昨年、12月に日本へ一時帰国をした際、日本橋にあるデパ地下のいくつかのパン屋さんの味比べをしたのですが、ここでの記憶に残るおいしいお味が「メゾンカイザー」のクロワッサンでした。こちらのお店は前回訪れたパリのお店「エリックカイザー」のご本人であるエリック・カイザーさんとあんぱんで有名な木村屋の息子さんが共同で経営、都内を中心に店舗があり、「All about」のパンサイトでは「2006年・読者が選んだ好きなパン屋さん」の特集で二年連続のナンバー1の栄冠に輝いています。

65.私のクロワッサン_e0073947_251293.jpgそしてこちらのクロワッサンは、自慢の一品と謳われるだけあって、一口めのサクッとした歯応えと後味の良いバターの香りがとっても良いお味で、「えっ~、クロワッサンってこんなにおいしいかったのぉ~」とジ~ンとくるほど大感激。それもそのはず。私の住むドイツのパン屋さんでは、クロワッサンをおいしいと感じることがほとんどありませんでしたから…。

もちろんドイツのどこのパン屋さんにもクロワッサンは売られています。だけどとっても脂っこかったり、バターの香りが臭かったり、食感がべちゃべちゃしていたり…(泣)。お教室でも「おいしいクロワッサンが食べたいわ~!」とは、悲劇的によく語られるセリフなんですよ。

そこでメゾンカイザーのクロワッサンを食べて、なんだか急に目が覚めたのです。
これはもう自分で作るしかない!!
こうして私のクロワッサン作りが2007年の年明けとともに始まりました。

実は過去にも一度、何の知識も持たないまま、見よう見まねでクロワッサンに挑戦したことがあるんです。この時はバターを生地に折り込む工程で、バターが生地からはみ出してきて、本当に本当に苦労しました(汗)。しかもできあがったクロワッサンがもうドン底に落ち込むくらい不味かった、というのですから、心の傷は深く、意識的にクロワッサン作りから遠ざかってしまっていたのです。

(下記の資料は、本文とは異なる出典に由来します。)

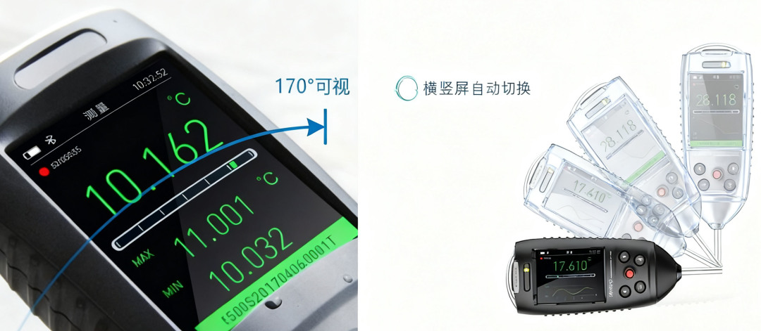 配备高亮显示屏,支持170°可视与横竖屏自适应,可根据光照强度自动调节亮度,室内外使用均清晰;还能查看温度测量曲线,且可开启屏幕旋转功能,适配不同观测与操作需求。

そこで今回は数多くのレシピと作り方、ポイントなどをチェック。私なりに学習し検討した結果、日ごろから活用しているパンの本の中から、特に大好きな徳永久美子さんの「パンを楽しむ生活-おいしいおはなし」のクロワッサンの作り方で再度、挑戦してみることに…。この本のレシピの冒頭にあるのは「ポイントさえ守ればおいしいクロワッサンができる!」と言う、うれしいお言葉。そうなんです。ポイントを守るとクロワッサン作りは決して難しくはありませんでした。

そのポイントとは、生地とバターのかたさが同じであること。冷凍庫や冷蔵庫を上手に使いながら時間をかけて折り込んでいくこと。また生地は捏ねすぎるとサクサク感がでないので、生地作りは捏ねることをせずに60回ほどたたいて終わり。(これ、本当にラクですよ。)そしてそのまま一晩、生地を冷蔵庫で寝かせてあげると、やはり前の晩にたたいて伸ばして冷蔵庫で待機させていたシートバターとの相性は、もうばっちりです。これで最大の難関だったバターを折り込む作業は実に簡単な作業に早変わりいたしました。

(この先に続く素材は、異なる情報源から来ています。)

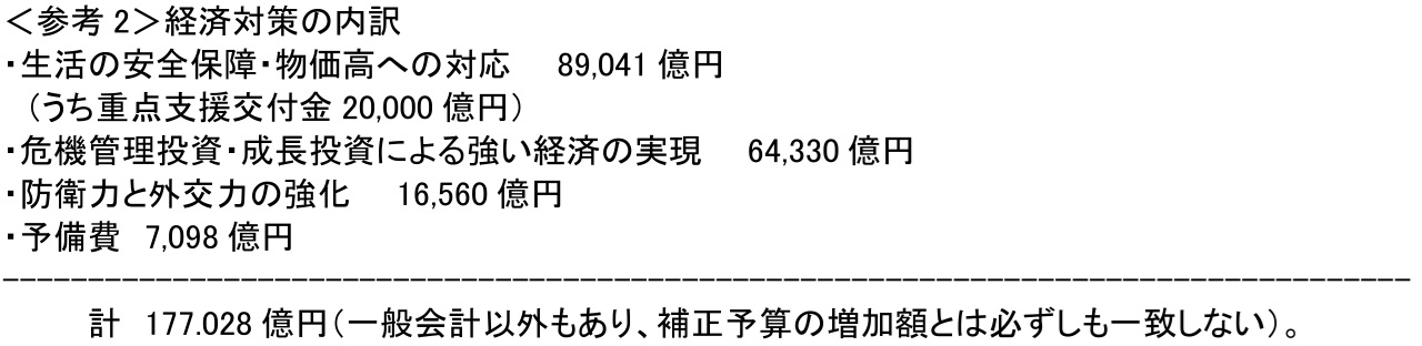 しかし、この積み上げ方式で計算した8.8兆円では、大枠から計算した11.7兆円にはまだ足らない。そこで、少し乱暴なやり方だが、重点支援交付金2.0兆円を削減する。実は、自然増収28,790億円によって、それを地方交付税交付金に回すという仕組みになっている。その金額が13,041億円になるので、これを以って実施しようとしていた物価高騰対策(おコメ券、商品券など)に対応すればよい。これで、ボトムアップで積み上げた歳出圧縮の合計額は8.8兆円から10.8兆円になり、11.7兆円に近づく。新規国債発行額を11.7兆円から0.9兆円に減額することは、年度内に本当に必要な内容を精査することで可能であると考える。

そして冷蔵庫でしっかりと休ませた生地は、成型のしやすいきちんとした生地に仕上がっていますので、成型が実に楽しいのです♪ 定規で6cm間隔にスジをつけ、二等辺三角形に切った生地の底辺に切り込みを入れ、くるくると巻いていくだけ。
ほらほら、愛しのクロワッサンたちがかわいく勢ぞろいしているでしょう~。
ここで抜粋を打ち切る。